PROBLEM STATEMENT
Exactly the lines from the one containing "A versatile seasoning" through the final line of the data below, with pictures omitted, make up the answer.

DATASET RECORDS
---*---

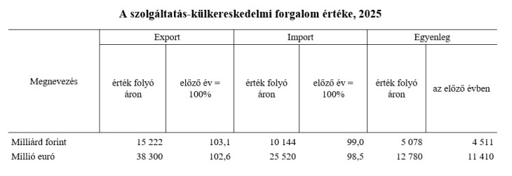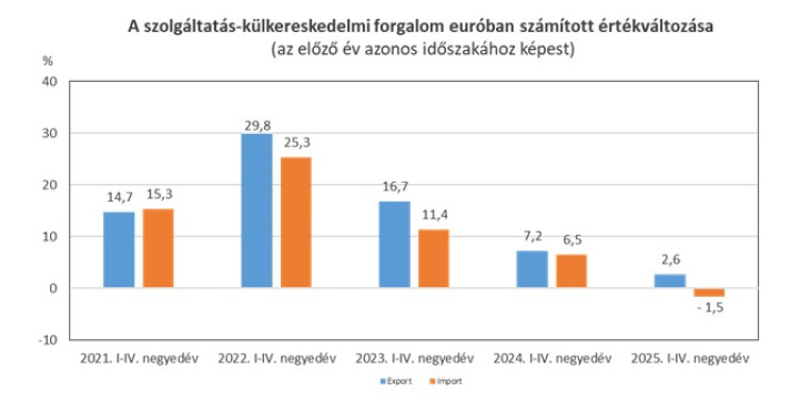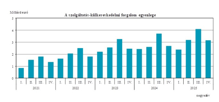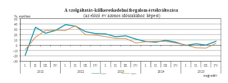 2025 IV. negyedévében a szolgáltatások euróban számított exportja 7,6 százalékkal, importja 3,6 százalékkal bővült az előző év azonos időszakihoz képest. Az előző negyedévhez mérten az export értéke 4,8 százalékkal kevesebb, az importé pedig 6,6 százalékkal több volt, ami 930 millió eurós egyenlegcsökkenést eredményezett – jelentette a KSH.
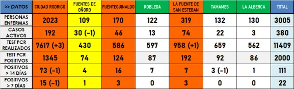 Al igual que ocurre en esas estadísticas por zonas básicas, tampoco hay apenas cambios en los datos por municipios, siendo el único cambio visible que baja mínimamente la incidencia acumulada quincenal en Ciudad Rodrigo, de 538 a 521 casos por cada 100.000 habitantes, lo que equivale a 64 positivos en las dos últimas semanas. Mientras, en lo que respecta a la incidencia semanal, se mantiene como el domingo en 97 casos por cada 100.000 habitantes (12 positivos en números absolutos).
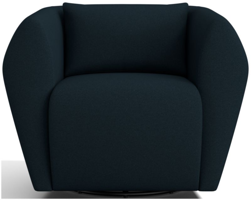 Tight tailoring brings Tierra's angular details into focus in this sophisticated update to the swivel chair. Fully upholstered in a chenille with velvety texture, the chair flares and tapers armrests that flow into an embracing barrel back. The squared off, chamfered back makes the most of the chair's swivel, creating an intriguing view from any viewpoint. The gentle taper of the interior arms and back cradle a soft-yet-supportive seat and a loose back cushion filled with a luxurious feather-down blend.
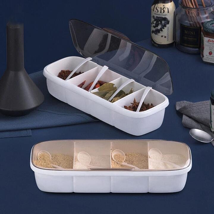 A versatile seasoning storage solution featuring three separate compartments for organizing spices, complete with a convenient design and available in various colors.
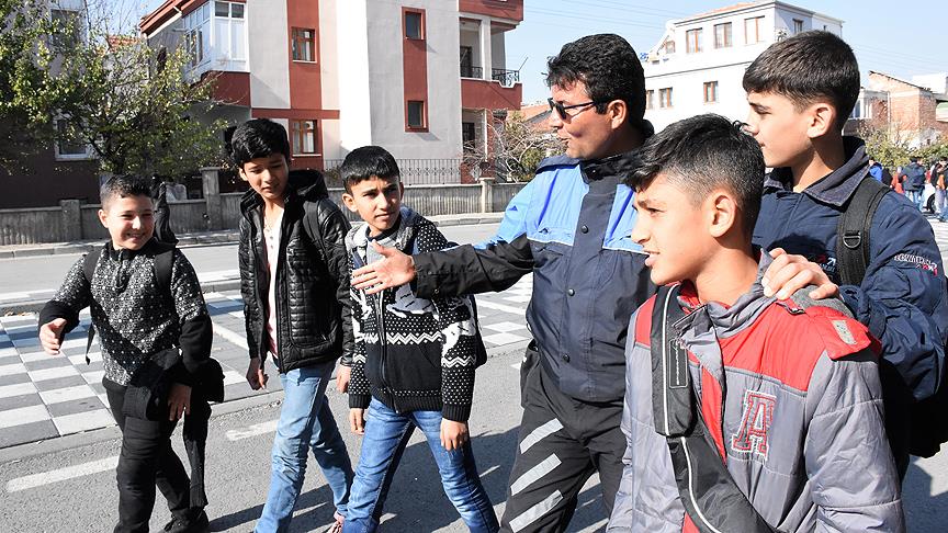 Suriyeli çocukların gördükleri her yerde "Polis Mesut ağabey" diye seslenip yanına koştuğu Eroğlu, onlarla futbol ve basketbol oynayıp zaman geçiriyor.
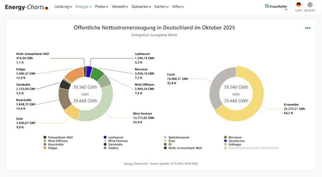 Im Oktober 2025 stammten 64,2 Prozent der öffentlichen #Nettostromerzeugung in #Deutschland aus #ErneuerbareEnergien.
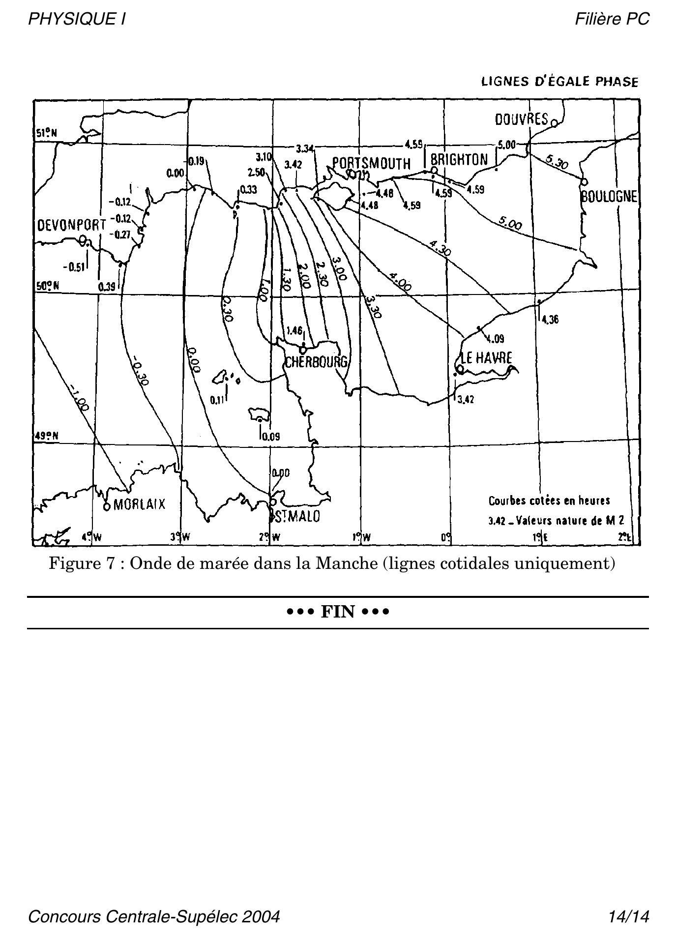Dans toute la suite du problème, on ne s'intéressera plus qu'à la propagation des ondes de marées dans des mers de faibles dimensions et on ne tiendra plus compte des forces de marées qui s'exercent dans cette mer.
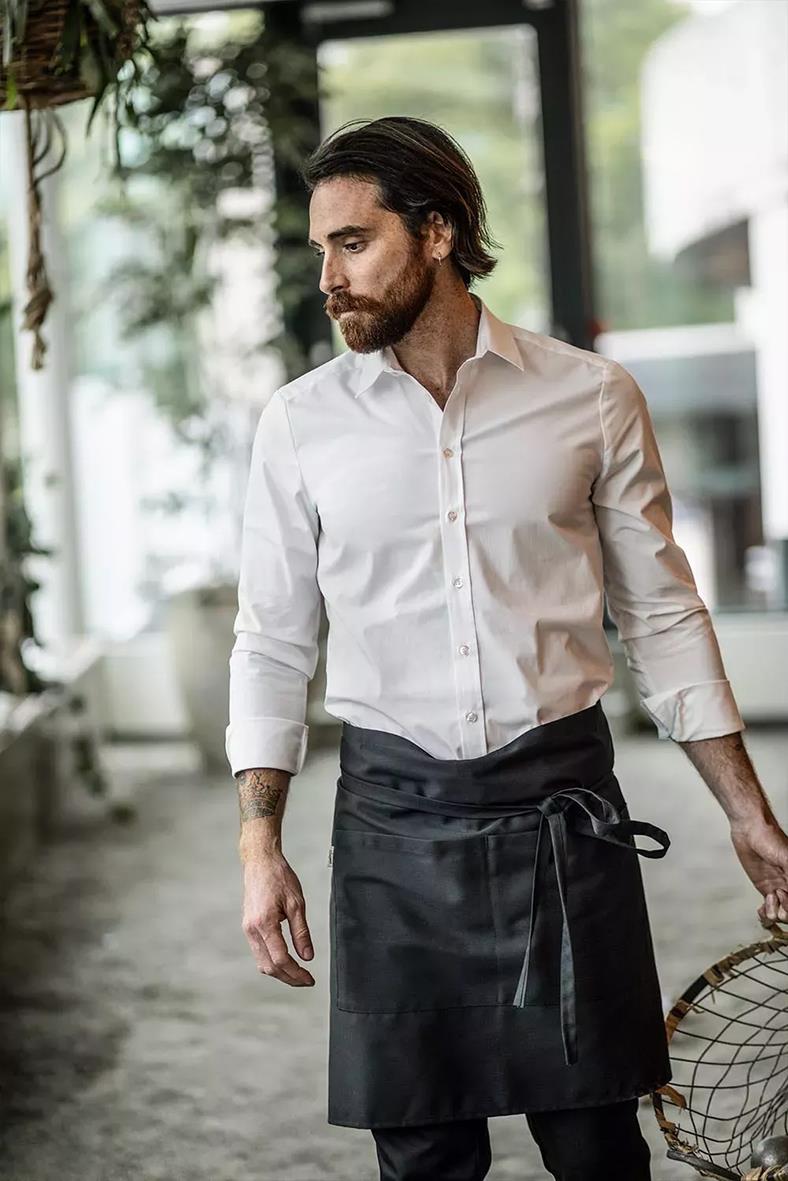 Midjeförkläde Segers 4576 70x45cm Svart S/M. Midjeförkläde i klassisk modell - Dubbelficka mitt fram med nyckelhälla - Hank för upphängning - Slitstark och färghärdig kvalitet - Segers Core Material: 65/35% polyester/bomull- Twill - 245g/m²

---*---

ANSWER TO THIS EXERCISE
 A versatile seasoning storage solution featuring three separate compartments for organizing spices, complete with a convenient design and available in various colors.
 Suriyeli çocukların gördükleri her yerde "Polis Mesut ağabey" diye seslenip yanına koştuğu Eroğlu, onlarla futbol ve basketbol oynayıp zaman geçiriyor.
 Im Oktober 2025 stammten 64,2 Prozent der öffentlichen #Nettostromerzeugung in #Deutschland aus #ErneuerbareEnergien.
Dans toute la suite du problème, on ne s'intéressera plus qu'à la propagation des ondes de marées dans des mers de faibles dimensions et on ne tiendra plus compte des forces de marées qui s'exercent dans cette mer.
 Midjeförkläde Segers 4576 70x45cm Svart S/M. Midjeförkläde i klassisk modell - Dubbelficka mitt fram med nyckelhälla - Hank för upphängning - Slitstark och färghärdig kvalitet - Segers Core Material: 65/35% polyester/bomull- Twill - 245g/m²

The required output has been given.